Regan E. Dunn, Thien-Y Le & Caroline Strömberg, 2015, International Journal of Plant Sciences.
Grass phytoliths of both long and short cells are often preserved in fossil assemblages, and they show a variety of forms, some more undulate than others, some larger than others.
Some methods for reconstructing habitat openness using the presence of open habitat grass short cell phytoliths may lack the ability to accurately reconstruct habitat openness in cases where grasses grew under a forest canopy. Therefore, a morphological approach may be more informative. I, along with then Undergraduate Researcher Thien-Y Le, tested how light environment effected epidermal cell shape, and thus phytolith shape in grass. Studies of epidermal cell shape in oak, ivy and tobacco leaves show that plants grown in shade have more undulated cell walls than plants grown in full sun. However, this pattern had not been confirmed in any monocotyledons. We tested whether grasses conform to this general pattern by conducting a greenhouse experiment where we grew five species of grasses under four different light regimes in the University of Washington Biology Greenhouse.
With the help of a team of seven undergraduate researchers (Thien-Y Le, Aidan Loeser, Ross “Fletcher” Hill, Darshi Banan, Tony Jijina, Josh Johnson, and Terry Huang) we measured thousands of cells and calculated the cells’ relative degree of undulation and their size.

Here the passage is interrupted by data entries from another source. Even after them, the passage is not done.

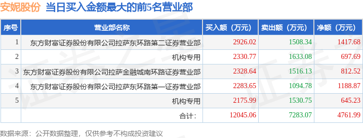证券之星消息,沪深交易所2025年11月28日公布的交易公开信息显示,安妮股份(002235)因日换手率达到20%的前5只证券登上龙虎榜。此次是近5个交易日内第3次上榜。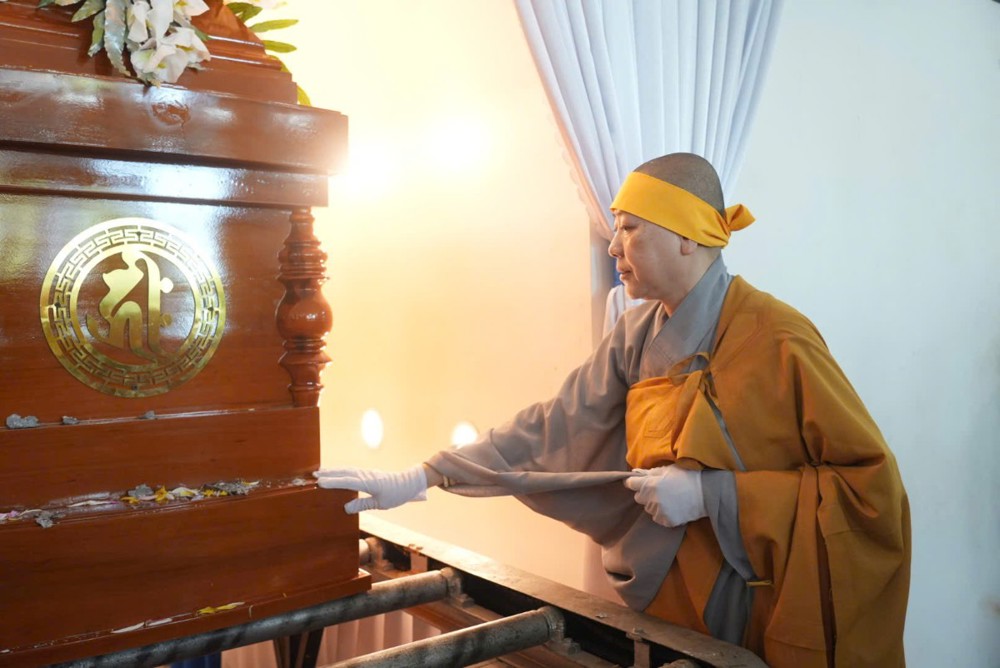 Sau đó, môn đồ pháp quyến cung thỉnh linh mô, y bát và di ảnh của Ân sư; đông đảo chư Tôn đức Tăng Ni cùng hàng Phật tử thành kính phụng tống kim quan cố Ni trưởng rời chùa Thiên Phước, di quan về Sơn trang Tiên Cảnh (TP.Cần Thơ) để cử hành lễ trà-tỳ theo nghi thức Phật giáo.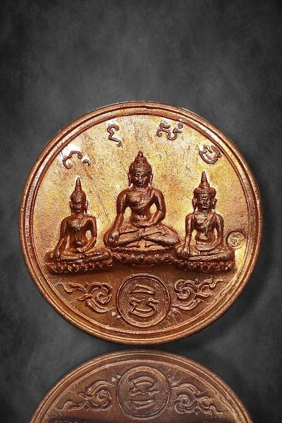 เหรียญขวัญถุง พระสามสมัย มั่งมีศรีสุข วัดชิโนรส ปี 2512 เนื้อทองแดงกะไหล่ทอง(หลวงปู่โต๊ะ, หลวงพ่อพรหม, หลวงพ่อกวย หลวงปู่สุข อาจารย์นำ ปลุกเสก)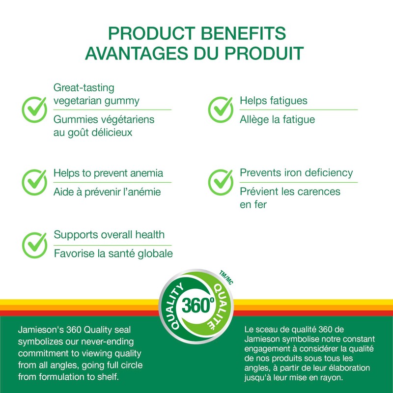 Jamieson Iron Gummies Grape Flavour 90 Count, Helps to Prevent Iron Deficiency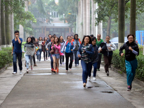 会议部分结束后,紧张的寻宝游戏环节在周忆秋主席一声令下后开始,全场干事鱼贯而出,冲向散布在广外校园里的各个站点,他们奔跑的身影在阴冷的深秋中无疑是一道靓丽的风景线。经过激烈角逐,最终实践部、新闻部、纪检部分别斩获前三名。寻宝游戏后各部门集合在体育场,进行最后一个环节——猜词游戏。这同样是考验团队默契的一个游戏,只见各队皆比手划脚,好不紧张。经主席团统计,实践部获得了本次游戏的总分第一。
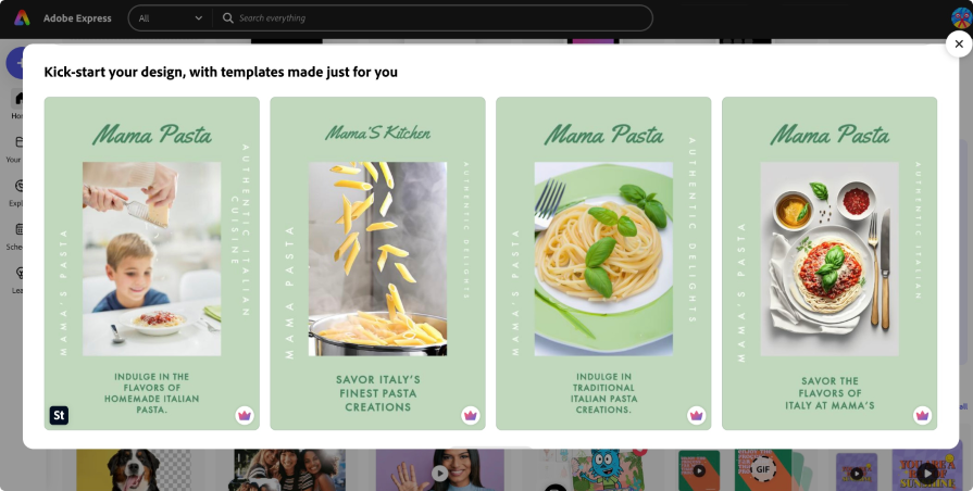 Adobe Express creates templates that are more than just images. I wanted to see if creating a homepage for an Italian restaurant is possible, so I used the same prompt as in the first test: A homepage for Italian pasta restaurants named Mama Pasta. The design should be based on white, red, and green colors and can incorporate illustrations of a mother who makes pasta.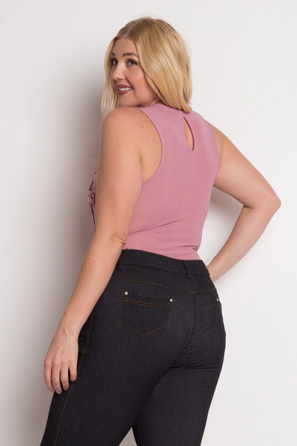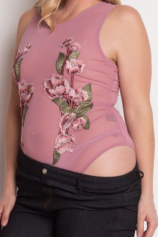 A knit bodysuit, floral embroidery, a round neckline, sleeveless, with a keyhole button in back.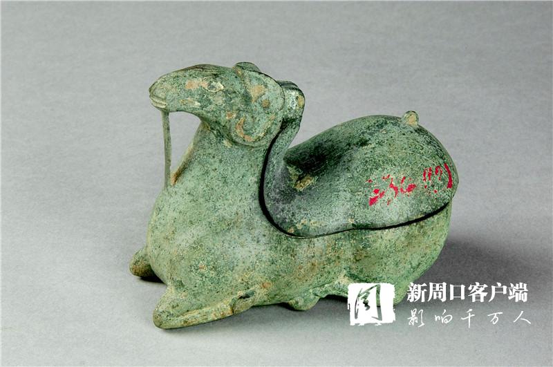 原來這件漢代臥羊銅燈白天是個精致擺件,晚上掀開器蓋,引上捻子,點上燭火,就秒變燈具。該燈分上下兩部分,羊頸下部設一活動樞紐與軀體相連結(jié),羊背做成可翻轉(zhuǎn)至頭頂?shù)臒舯P,背部上掀可以打開,可盛油點燈,引芯可燃。燈盤放下后又與羊體吻合,余油自動流入腹腔存放。古人用油一般是植物油或動物油,用蓋子一可防止不用時油料揮發(fā),二能防止老鼠偷喝,三能把未燃盡的油再利用。漢代臥羊銅燈整體構(gòu)思精巧細致,造型新穎。一盞小小的燈都能精細到這種程度,漢代的工藝制作水平由此可見一斑。
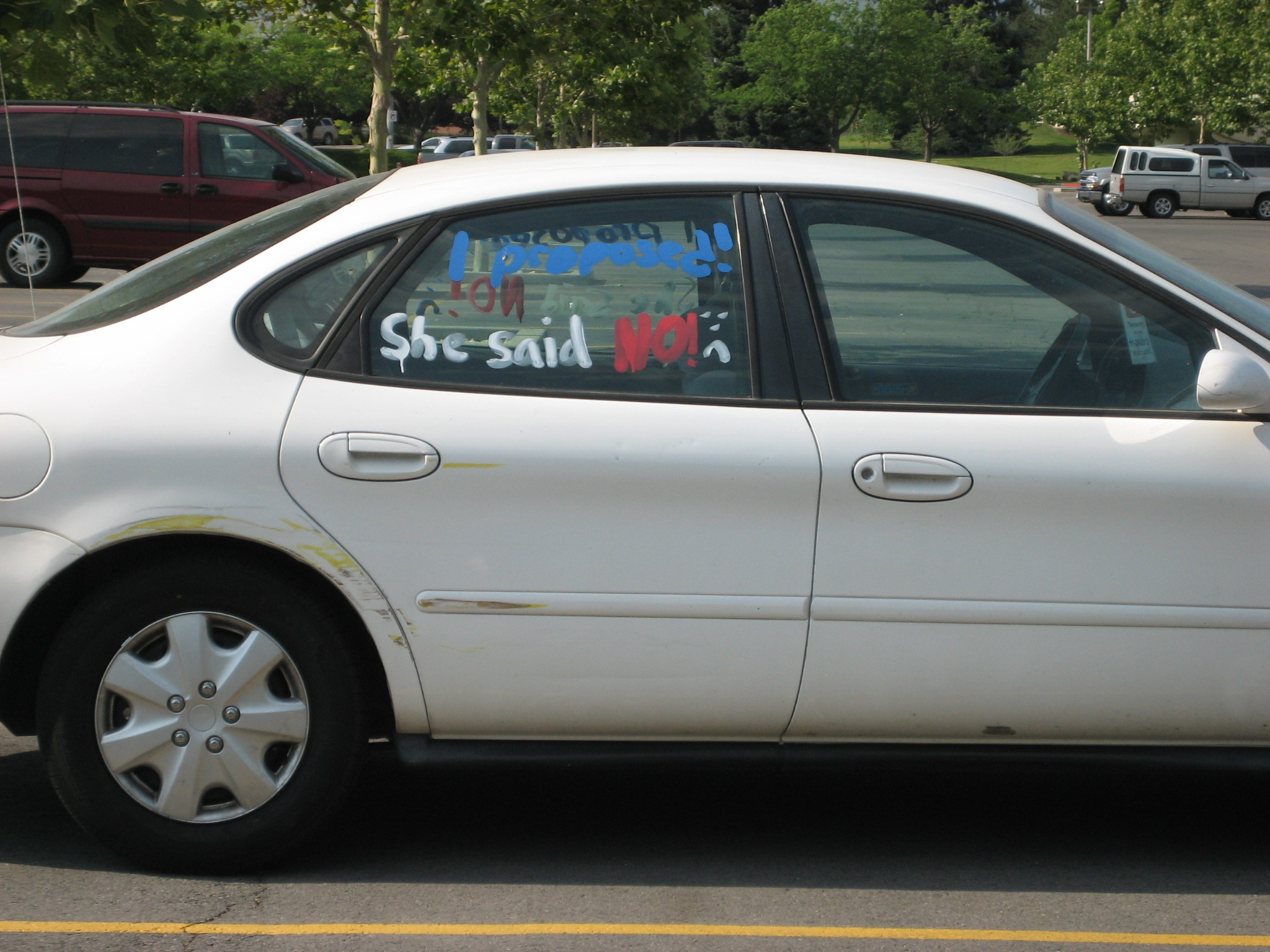 We live in a notorious marriage mart of a town, but clearly things didn’t work out typically for this gentleman… And apparently he has very cruel friends or relationships. Snagged this sad gem in a local parking lot.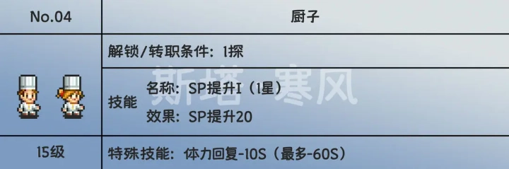 4、厨师属于后勤类职业,其特技是体力恢复时间减少10秒(最多可减少60秒)。这个技能要是搭配黄金会员使用,就能达到一分钟恢复一点体力的效果,所以前期基本上不用操心体力不够的问题。建议招募6个厨师,而且不需要让他们上阵作战。在国王据点的某一关boss处,有一个仅需1个牌子就能兑换的厨师,除此之外其他渠道的厨师都比较贵。推荐大家在酒馆F等级时,用2个牌子来招募厨师。

We found that grasses do not show the same variation in undulation as do some dicots, however cells of grasses grown in shade were significantly longer and larger in area than those grown in full sun. Can longer grass epidermal cells in fossil assemblages tell us more about how much over story vegetation there was? Stay tuned… This greenhouse experiment is currently in press in the International Journal of Plant Sciences.
This work highlighted the need to conduct more controlled growth experiments to understand cell morphology and its response to light across lineages (e.g. gymnosperms and ferns) and in relation to complicating variables such as photoperiod and moisture.